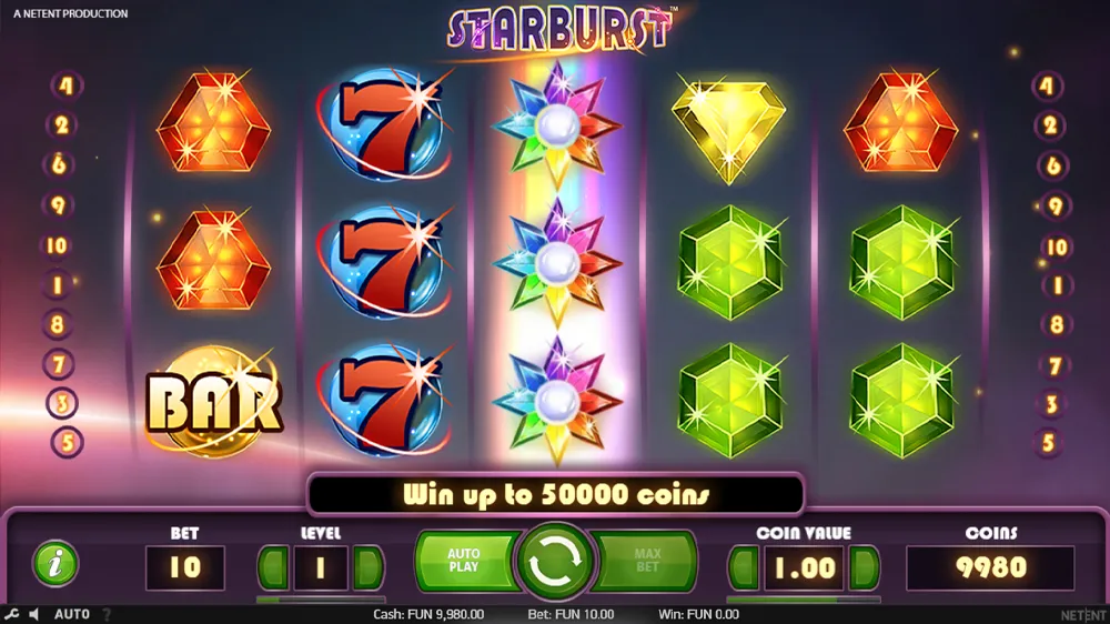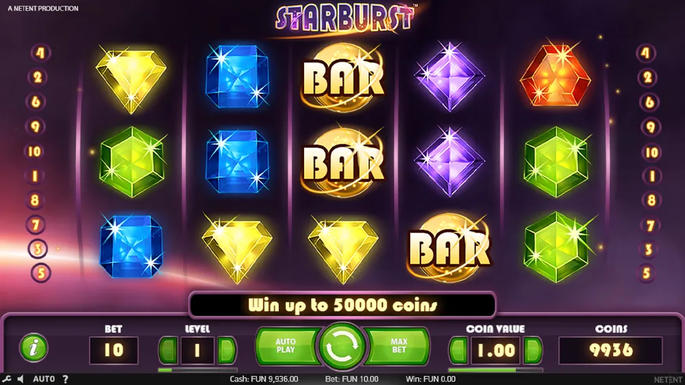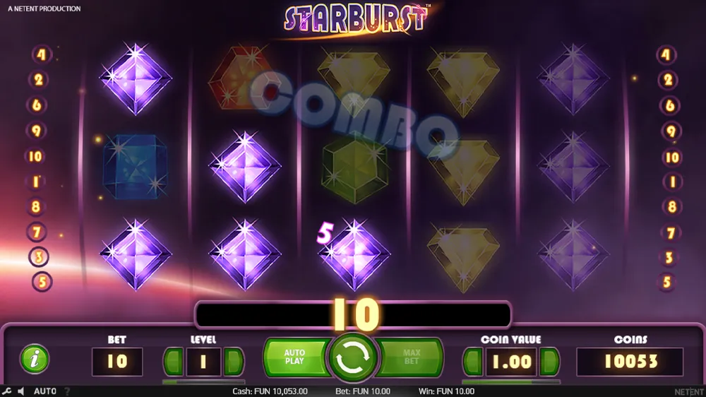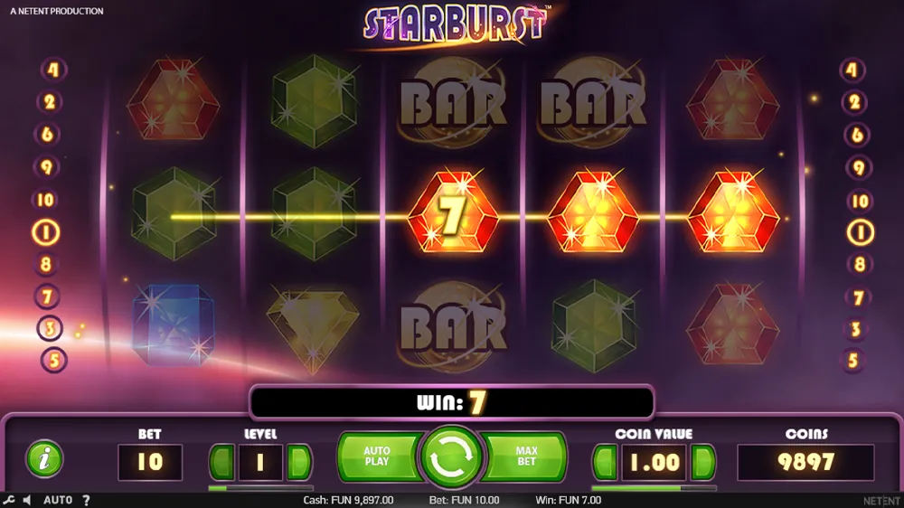 Playing Starburst is simple and fun. Choose your bet level and coin value, then click Spin to start the reels. Wins occur when three or more matching symbols land on one of the 10 paylines — which pay both ways, from left to right and right to left.
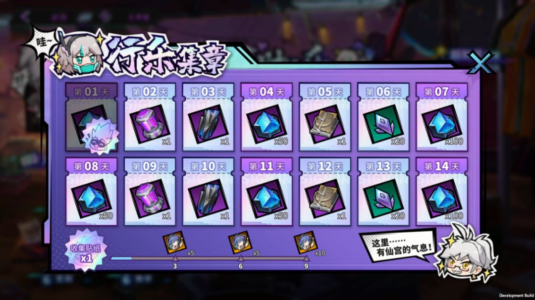 每日登录游戏签到,即可通过【行乐集章】获得签到奖励一份!
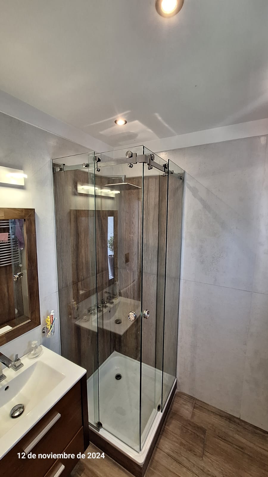 - Tipo de instalación sobre ducha o muro y requiere fijación sobre las paredes laterales.
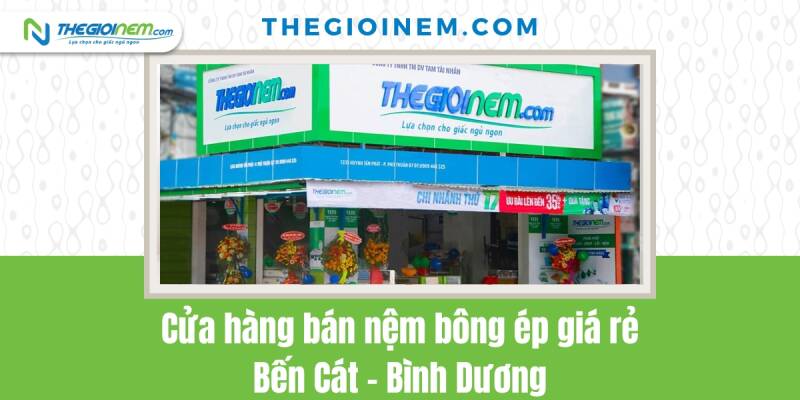 Nếu bạn có nhu cầu sở hữu những tấm nệm bông ép giá rẻ chất lượng để chăm sóc sức khỏe giấc ngủ thì hãy liên hệ ngay thông tin trên đây. Cửa hàng bán nệm bông ép giá rẻ Bến Cát là chi nhánh nổi tiếng của Thegioinem.com - hệ thống cung cấp và phân phối nệm chính hãng giá tốt, uy tín hàng đầu nước ta.
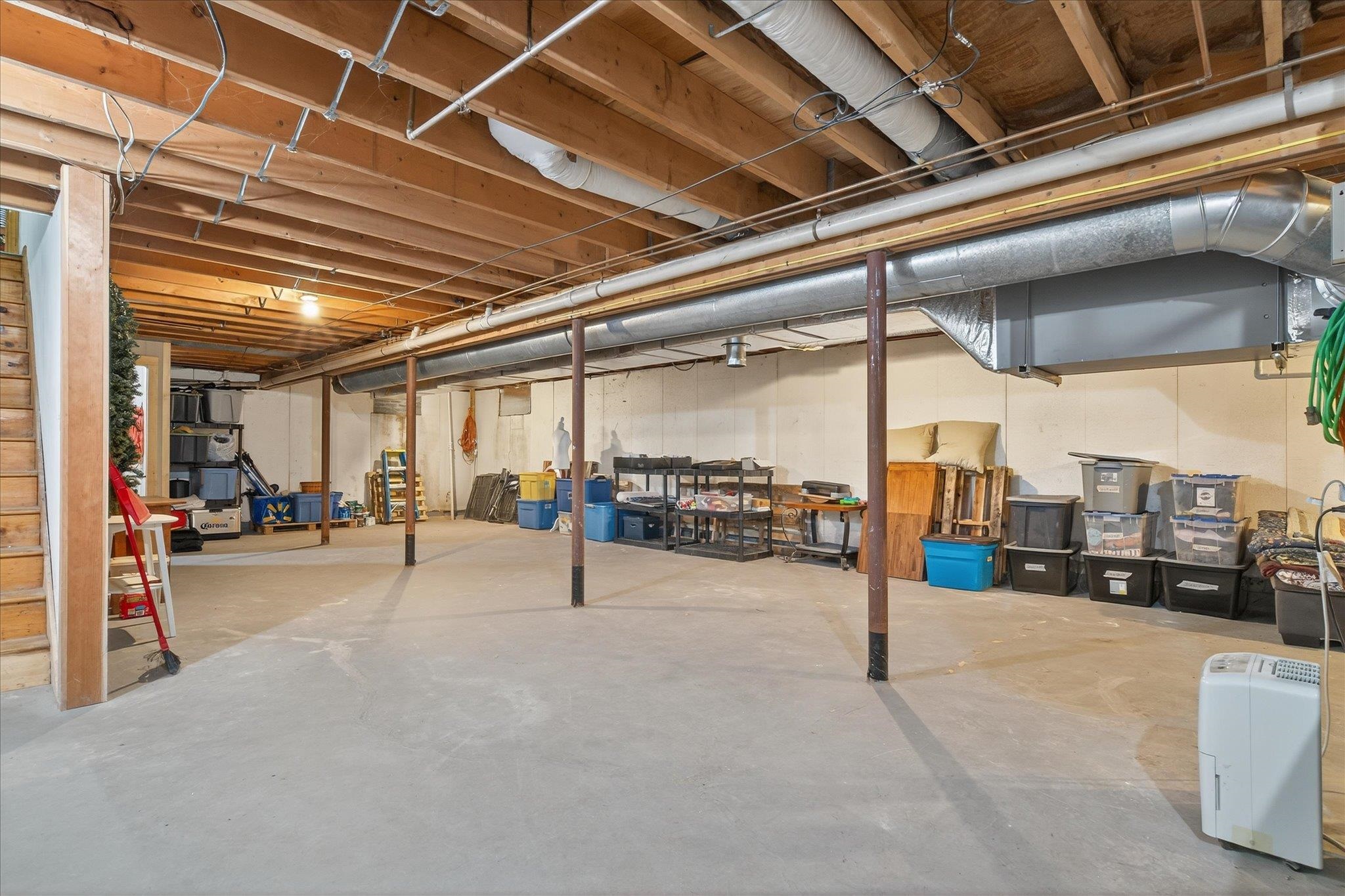 - Concrete Floor, Full, Interior Stairs, Sump Pump
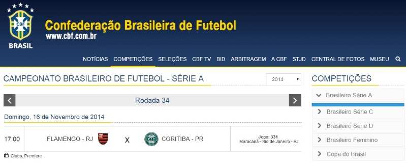 "A empresa organizadora do jogo, Feito Eventos, comunica que a partida entre Flamengo e Coritiba que seria realizada na Arena Pantanal no dia 16.10, válida pela 34ª rodada do Campeonato Brasileiro da Série A, foi cancelada devido a não autorização da Confederação Brasileira de Futebol (CBF) para realização do confronto em Mato Grosso.
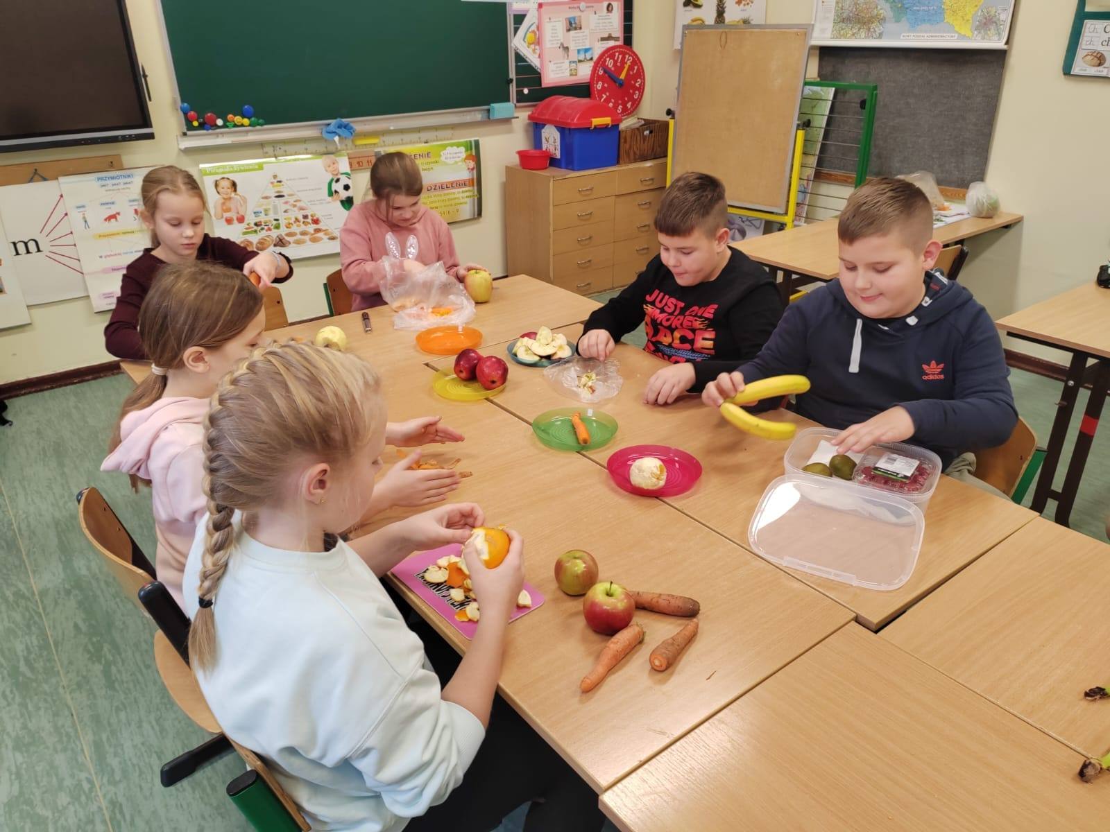 W ramach zajęć kształtujących kreatywność uczniowie klasy trzeciej nabyli umiejętność przygotowania soków owocowo – warzywnych. Jednocześnie poznały walory odżywcze warzyw i owoców oraz zasady bezpiecznego korzystania z sokowirówki. Przygotowany sok wyglądał apetycznie i cieszył się dużym powodzeniem.

_Activity_. Please copy the data above exactly, omitting the pictures.

_Response to the exercise_.
 Playing Starburst is simple and fun. Choose your bet level and coin value, then click Spin to start the reels. Wins occur when three or more matching symbols land on one of the 10 paylines — which pay both ways, from left to right and right to left.
 每日登录游戏签到,即可通过【行乐集章】获得签到奖励一份!
 - Tipo de instalación sobre ducha o muro y requiere fijación sobre las paredes laterales.
 Nếu bạn có nhu cầu sở hữu những tấm nệm bông ép giá rẻ chất lượng để chăm sóc sức khỏe giấc ngủ thì hãy liên hệ ngay thông tin trên đây. Cửa hàng bán nệm bông ép giá rẻ Bến Cát là chi nhánh nổi tiếng của Thegioinem.com - hệ thống cung cấp và phân phối nệm chính hãng giá tốt, uy tín hàng đầu nước ta.
 - Concrete Floor, Full, Interior Stairs, Sump Pump
 "A empresa organizadora do jogo, Feito Eventos, comunica que a partida entre Flamengo e Coritiba que seria realizada na Arena Pantanal no dia 16.10, válida pela 34ª rodada do Campeonato Brasileiro da Série A, foi cancelada devido a não autorização da Confederação Brasileira de Futebol (CBF) para realização do confronto em Mato Grosso.
 W ramach zajęć kształtujących kreatywność uczniowie klasy trzeciej nabyli umiejętność przygotowania soków owocowo – warzywnych. Jednocześnie poznały walory odżywcze warzyw i owoców oraz zasady bezpiecznego korzystania z sokowirówki. Przygotowany sok wyglądał apetycznie i cieszył się dużym powodzeniem.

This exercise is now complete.